Wednesday, May 5, 2010

Why I Rarely Eat Out

From the book I'm reading, The Jungle Effect by Daphne Miller, M.D.:
Recently, as I was waiting to use the restroom in my favorite Thai restaurant in San Francisco, I was reminded of [how restaurants can turn healthy food unhealthy]. Tucked back in the kitchen, I spied a huge case of Skippy crunchy peanut butter. So this was the secret ingredient in all those peanut dishes! Thai recipes that were originally meant to include whole peanuts, rich in monounsaturated fats and protein, now contained Skippy, a nut butter mixed with other manipulated fats, that happens to have sugar as its second ingredient. This illustrates how important it is to cook your own foods and do most of your [healthy] eating at home. (p. 20)
Somehow, I began developing a sense a few years ago that, when I sit down in a restaurant, I am at the mercy of the people in the kitchen. Literally, I place my health in their hands. And given what I know (and the Bible says) about human nature, that's not a transaction I'm willing to make easily. To get Skippy peanut butter (sugar, hydrogenated oils) instead of pure nut-based peanut sauce in a Thai restaurant is the refined version of stories that came out a few years ago about teenage cooks spitting in the food (for fun or spite) and picking hamburgers up off the dirty floor and putting them back on the grill at fast food joints.
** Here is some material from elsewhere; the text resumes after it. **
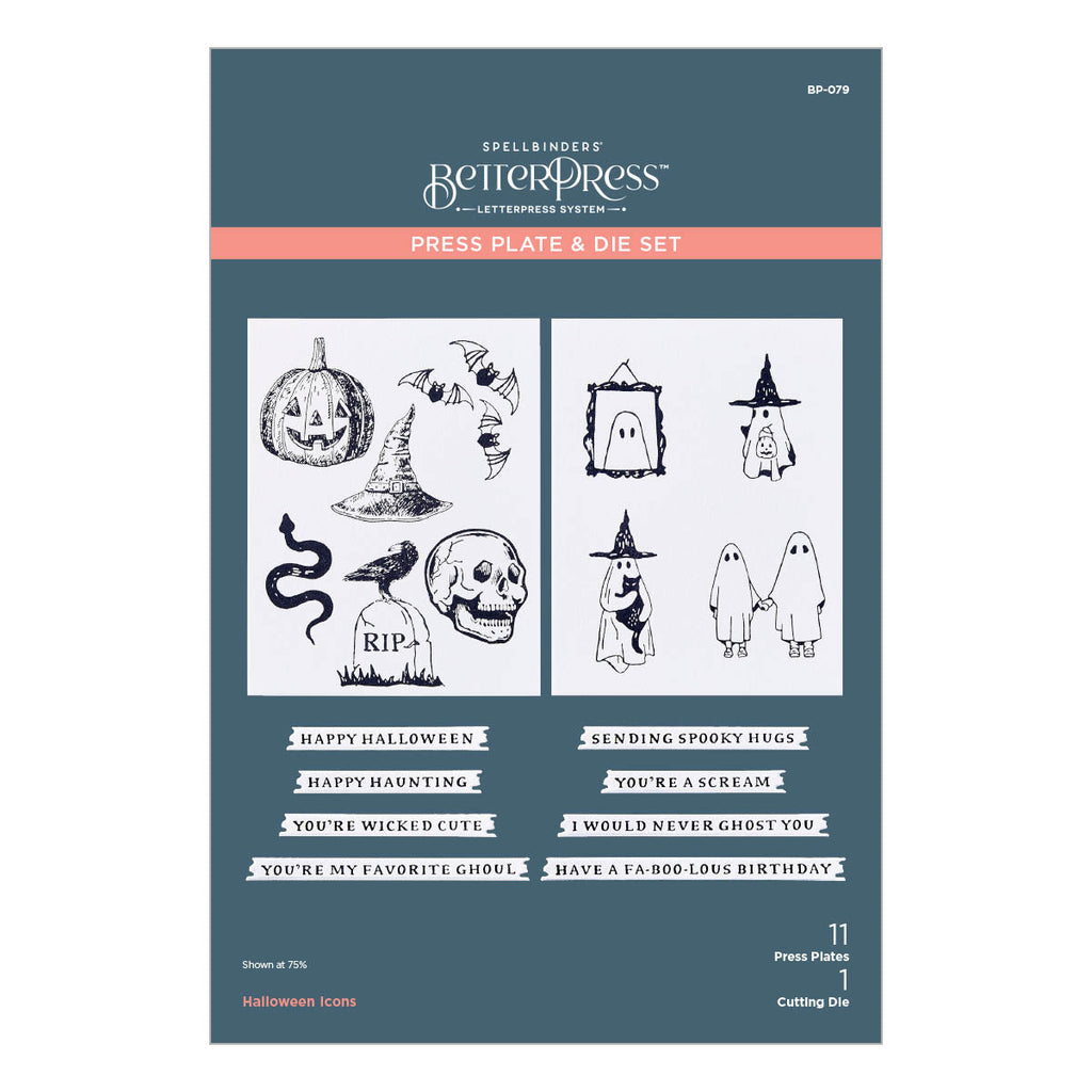 Halloween Icons Press Plate & Die Set is from the BetterPress Halloween Collection with this amazing set of 11 press plates and one thin metal cutting die. It has all the Halloween icons and more from pumpkin, ghouls, bats witch hats and more. It even has a stack of eight Halloween-themed sentiments and a thin metal die that will cut the entire stack in one step. Perfect for those Halloween projects! Ink the plates with the BetterPress Ink to be pressed against the BetterPress Cotton Card Panel and Sheets for a crisp letterpress design.
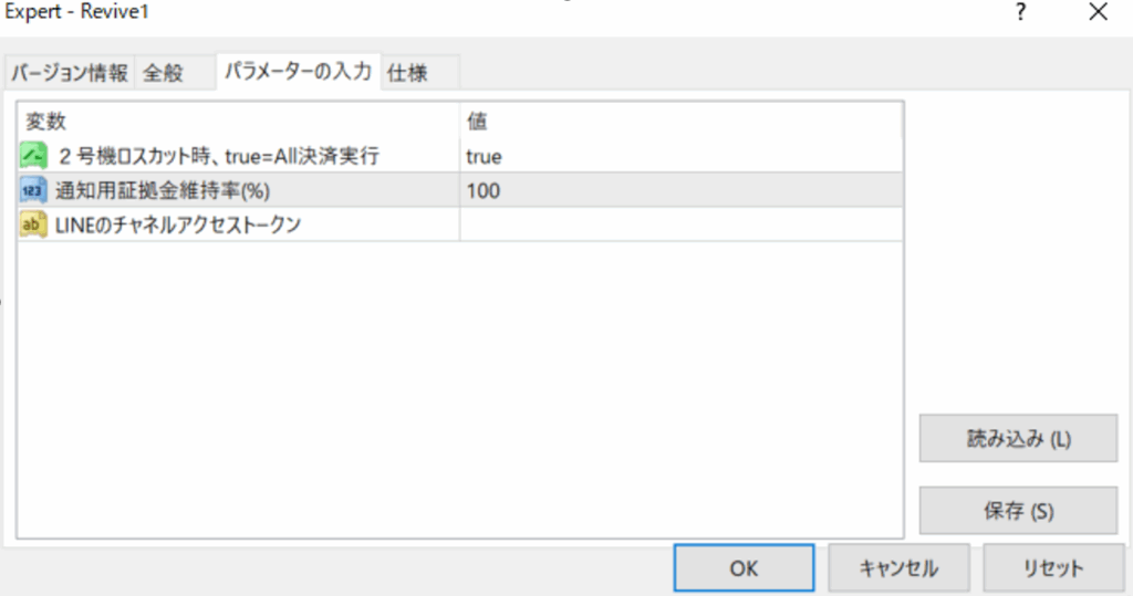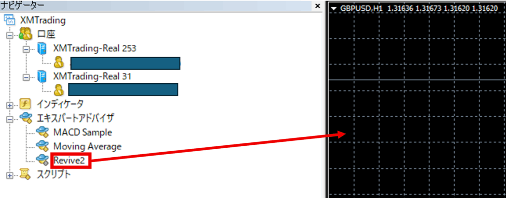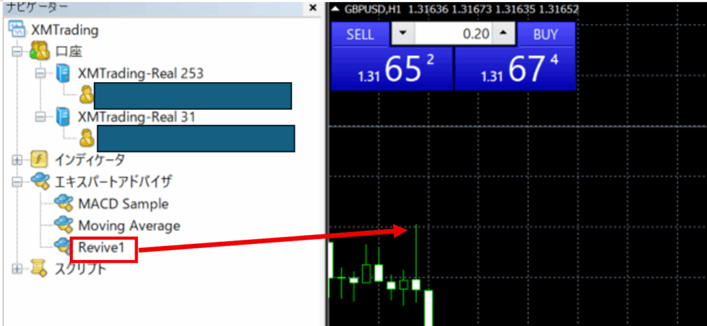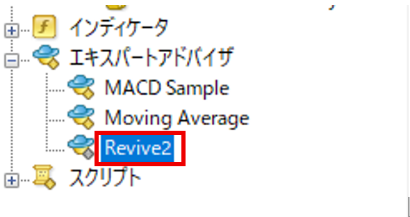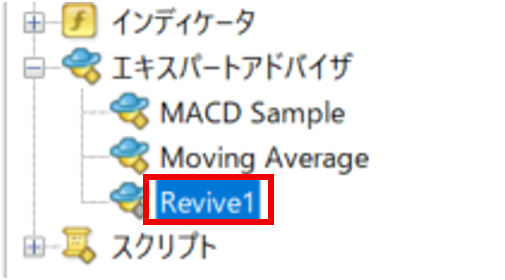 なお、Revive1.ex4をセットした側を1号機と呼びます。(1号機2号機での証券会社の指定はありません。)

One assumes that this kind of thing doesn't happen at Chez Panisse or Millennium in San Francisco, or the Candle Cafe or Candle 79 in New York City. But how would one know for sure? This isn't paranoia, it's realism. In all of life, there's a time and place for faith (trust), but not blind faith.

The guiding principle about wealth is that nobody cares as much about your money as you do, especially when "caring" has a profit motive. And the same can be said about health and food: nobody cares as much about your health as you do—especially when there is money to be made at your expense.

So, get to know your food. Get to know the people who cook your food. And take nothing for granted in an age when the heart of man is demonstrably "deceitful above all things and beyond cure" (Jeremiah 17:9).